Combine applications that
- Stress different system resources. (Combine a CPU intensive with an I/O intensive application)
- Have similar service levels (backup, maintenance windows)
- Use same authentication methods (mixing methods on one server can cause problems)
- Have peak utilizations at different times
- Provide the same functionality (ie more than 2 DNS, or application servers)
- Use HACMP. Consolidating 2 clusters (each having a primary/backup server) to 1 cluster, eliminates 2 servers.
- Use 1:1 HACMP clusters (one primary, one backup). Use n:1, multiple primaries, one backup.
- Have multiple components. Client/server became popular when a single server didn't have enough performance to run both application and database. No longer true today.
Avoid combining applications that
- Have high maintenance requirements
- Are unstable (ie memory leaks, frequent reboot)

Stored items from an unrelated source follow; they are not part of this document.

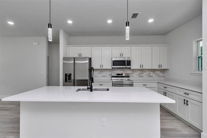 Move-in ready! This beautiful 3-bedroom, 2-bathroom home in Citrus Springs offers comfort, style, and a peaceful lifestyle along Florida s Nature Coast. The home features an open and inviting layout with plenty of natural light. The kitchen includes stainless steel appliances, wood cabinetry, and quartz countertops, creating a clean and modern look. Both bathrooms are finished with tile from floor to ceiling, and the primary suite includes a dual-shower setup for added convenience. The separate laundry room comes with a utility sink, making household tasks easier. Outdoor living is a highlight here, with a charming covered front porch and a spacious covered lanai at the back, perfect for relaxing or enjoying the Florida evenings.This home offers a high quality of life surrounded by natural beauty and easy access to local amenities. Schedule your appointment today!!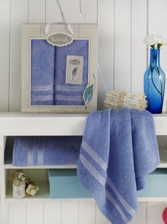 Закажите Комплект махровых полотенец "KARNA" PETEK цвет голубой 2 штуки: 50x100+70х140 см у компании Meleğim-текстиль в Россиина портале Alloy: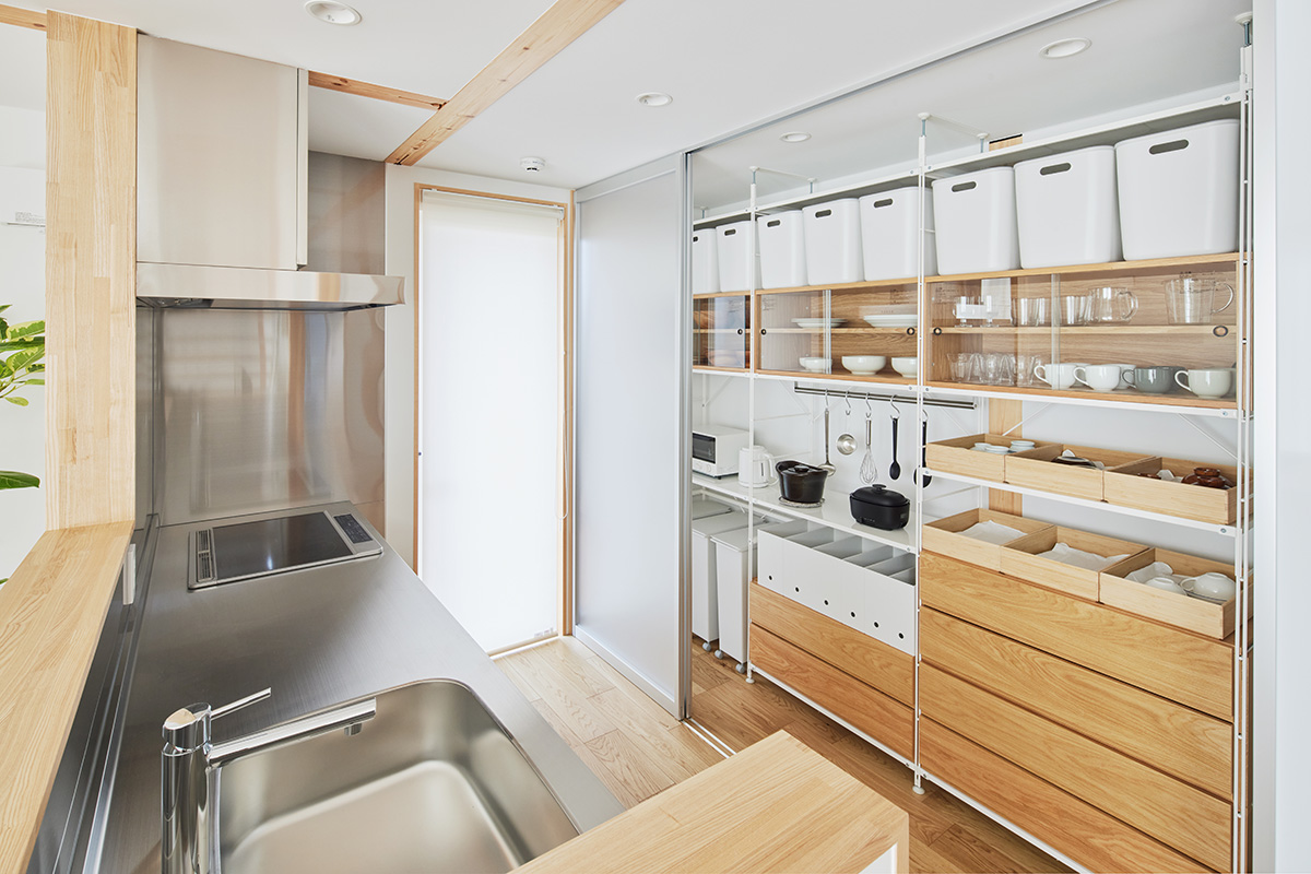 - ステンレス製オリジナル壁付キッチン・IHクッキングヒーター

- Have incompatible OS/patch requirements
- Have large nightly, month end processing requirements
Suggestions
- Co-locate data that use the same database engine. Run multiple instances. Potential for large database cost savings
- Target 60-70% utilization on servers with multiple applications. Peaks tend to be smaller running multiple applications. This is because individual applications utilize less of the overall capacity. (ie if an application averages 10%, peaks at 20%,
- theoverall impact is smaller. ) Use AIX's work load manager to minimize peak contention.

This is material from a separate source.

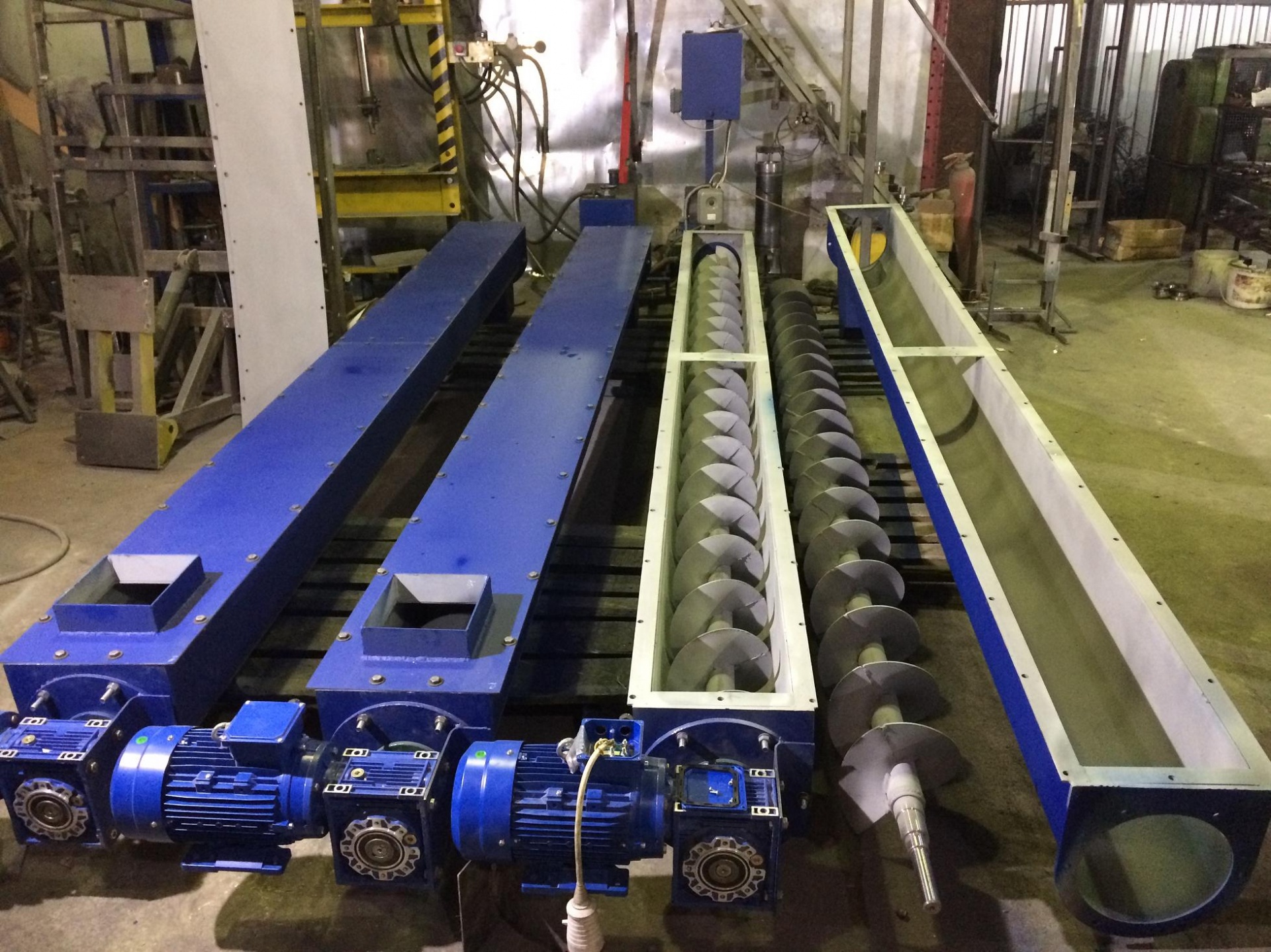 2. Конвейеры винтовые типа БКВ (шнек в желобе) для мукомольной и комбикормовой промышленности с диаметром винта от 80 до 1200мм с постоянным или переменным шагом.

- Run sequentially large batch jobs that contend for the same resources. Can reduce "wall clock time".
- Standardize hardware, applications, and databases. Reduces maintenance, training, support.

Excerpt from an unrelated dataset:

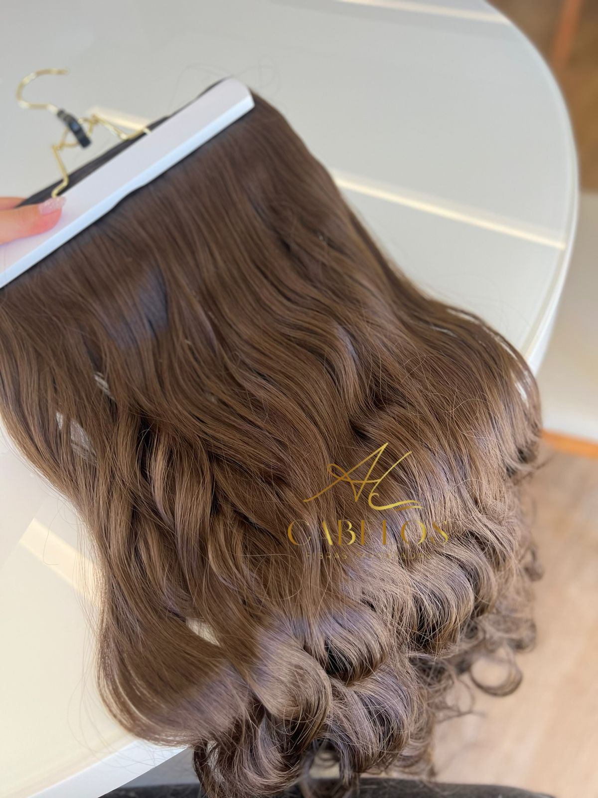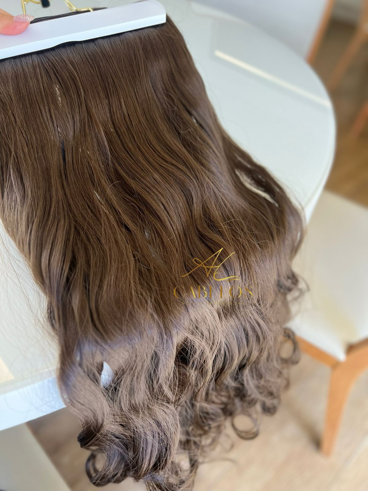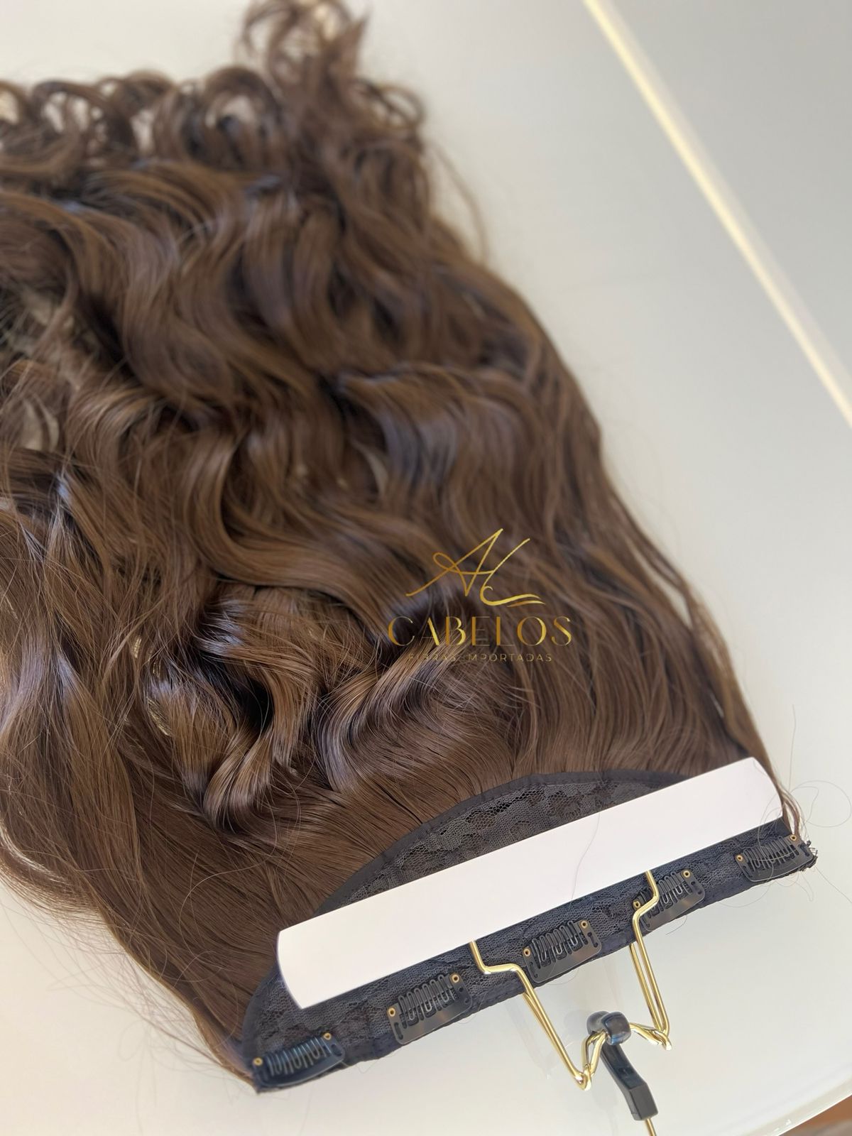 Mega Hair Tic-Tac Castanho Claro Ondulado Fibra Bio Luxo Prime.

- Improve availability. Combining applications will help justify high availability in situations where an individual application doesn't justify HA.
Again, these are guidelines. Every situation is different.
Use your best judgement.
Bruce Spencer,
baspence@us.ibm.com
Feedback
11/8/02
There are a few other considerations that may impact your ability to consolidate workload:
Security Issues
- Does the application live outside of a firewall, on a DMZ or another restricted network?
- Does the application require support by an outside 3rd party? If they need to dial into the box, you probably want to isolate them.
- Does the application have highly confidential data such as payroll information that you want to keep isolated?
- Does the application required UNIX shell accounts that could compromise security? I have seen passwords appear as part of the ps output.
Other
- Is the application growing in a significant way? If large growth is expected, let it stabilize before combining with out workloads?
- Does the application require kernel extensions to operate? These run as root and if not written well can cause outages.
- Does the application have hard coded path names, TCP/IP ports, or shared memory segments? These need to be considered.
- Are there multiple instances of an application for availability reasons? For example, you would most likely not combine multiple DNS servers as you want more than one for redundancy purposes.
- Will the ISV support the application if it is on the same server with other workload?
- Are there any contractual or legal issues that force applications to be separate? This may be the case for service bureaus.
- Does the cost of an outage hit the business hardware than the potential savings from consolidating workload?